Документ взят из кэша поисковой машины. Адрес оригинального документа : http://hea.iki.rssi.ru/conf/hea2007/bp-0.2.97/NOTES
Дата изменения: Mon Dec 16 03:54:50 1996
Дата индексирования: Mon Oct 1 23:47:27 2012
Кодировка:
Поисковые слова: m 63

bp -- bibliography package for Perl
Dana Jacobsen (dana@acm.org)
12 March 1996

bp.pl is the main file that gets included. It will include all the other
files as needed. Since this package was started before Perl version 5, I
wrote dynamic loading routines myself using the require command. This is
not as spiffy as Perl 5's dynamic loading, but works just fine, and allows
Perl 4 to be used. The variable $glb_bpprefix in the main package controls
the prefix used for the additional files. This is "bp-" right now. If you
want to change this, go ahead. The two things I had in mind when I made
this were "bp/" and "/usr/local/lib/bp/". The first would have all the bp
files in a subdirectory of the directory bp.pl was in. The second would
only clutter /usr/lib/perl with one file, but isn't recommended, since an
even cleaner solution is to set your BPHOME directory to wherever you put
all the bp files. Personally, I just leave them in my source directory
and set BPHOME to point to them.

Modules are searched for by using require, so they can be found anywhere in
your @INC (properly written bp programs will add BPHOME to your @INC as the
first thing they do). The rules for module names (not enforced currently)
are that they should not be named 'p-...', 's-...', or 'cs-...' because
those are reserved for package, style, and character sets, respectively.
Names like "xxx2yyy" are reserved for converters. I'm trying to keep all
the files down to 8 characters (not counting the bpprefix) just in case
some people use crippled operating systems like DOS.

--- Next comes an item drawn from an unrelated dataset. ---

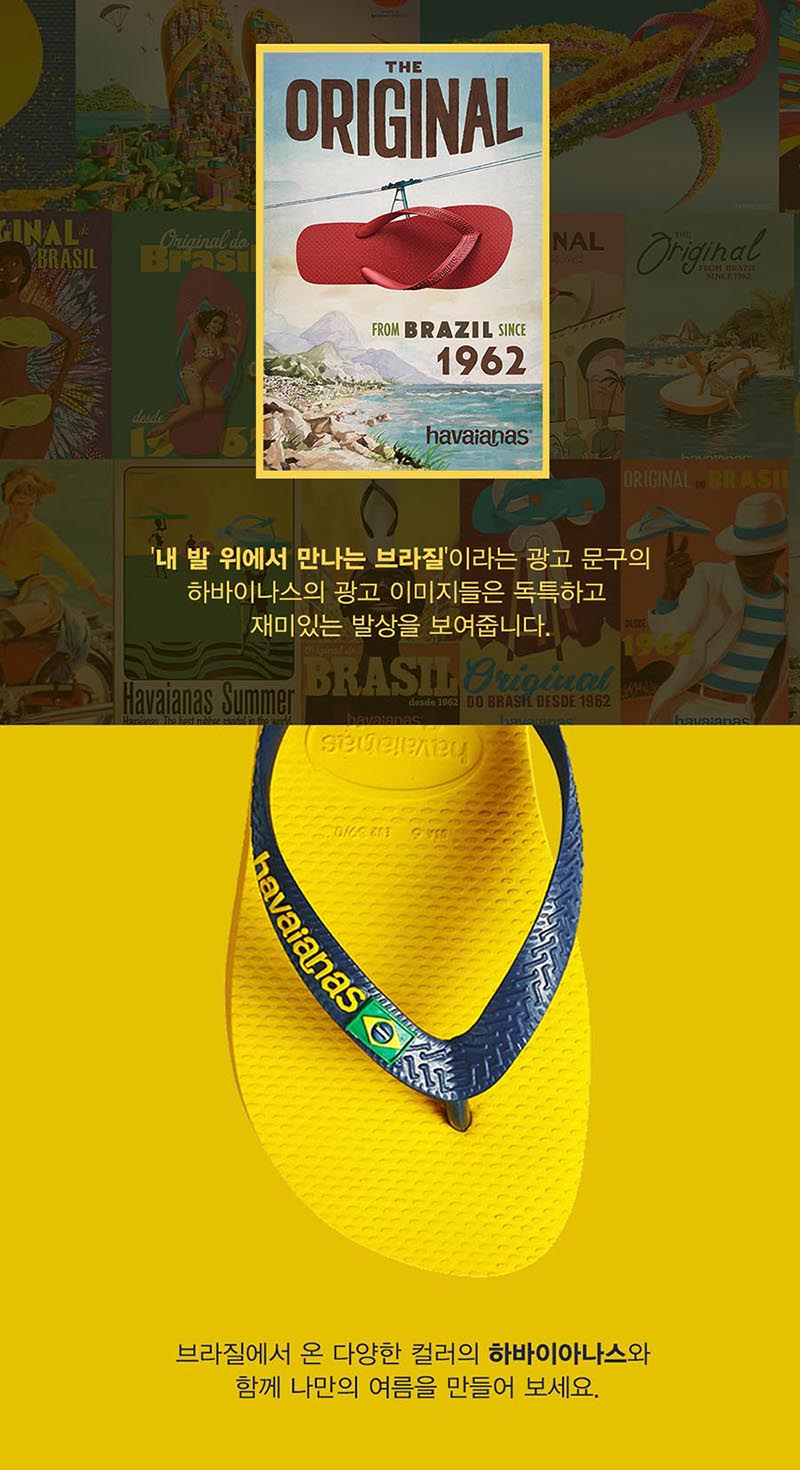 (하바이아나스)는 1962년 직물 스트랩과 볏집바닥으로 된 일본의 ZORI에서 영감을 받아 브라질에서 탄생 되었습니다. 트레이드 마크인 바닥 텍스쳐의 모양은 쌀 모양에서 영감을 받아 제작이 되었습니다.

--- timing commands used here are
time perl5 tconv.pl -convert -format=refer,bibtex ad425.ref > foo
time perl5 tconv.pl -convert -format=bibtex,refer foo > foo.ref
time perl5 tconv.pl ad425.ref > foo2.ref
---

version notes:

0.2.2 perl5/ad425.ref->ad425.bib in 20.0 seconds
perl5/timetest.pl 2.91s total, 0.92, 0.94, 3.11

Added fontcheck to validate font changes.
All new Medline module.
Changed options parsing.
Unimplemented and unsupported methods have new stdbib routines.
Modified name_to_canon routine.
Added EndNote support to Refer module.
Fixed nasty typo in bp.pl's tocanon.
(changed perl version to 5.002 and slight machine changes)

0.2.0 perl5/ad425.ref->ad425.bib in 22.1 seconds
perl5/timetest.pl 2.95s total, 1.05, 1.00, 3.32

Changed BibTeX string parsing.
Minor cleanup to distribution.

0.1.4 perl5/ad425.ref->ad425.bib in 22.6 seconds
perl5/timetest.pl 2.89s total, 1.09, 1.02, 3.66

General cleanup.
Put refer tocanon code through optimizer and generally cleaned up.
All formats and character sets use the 8bit code.
New apple and ISO 8859-1 character sets.
Some changes to HTML output.

0.1.3 perl5/ad425.ref->ad425.bib in 30.7 seconds
perl5/timetest.pl 2.71s total, 1.07, 1.09, 3.63

Major changes to fonts. We use 8bit internally with one escape char.
Changed to use $cs_sep instead of $; everywhere.
Names are seperated with $cs_sep and parts by $cs_sep2.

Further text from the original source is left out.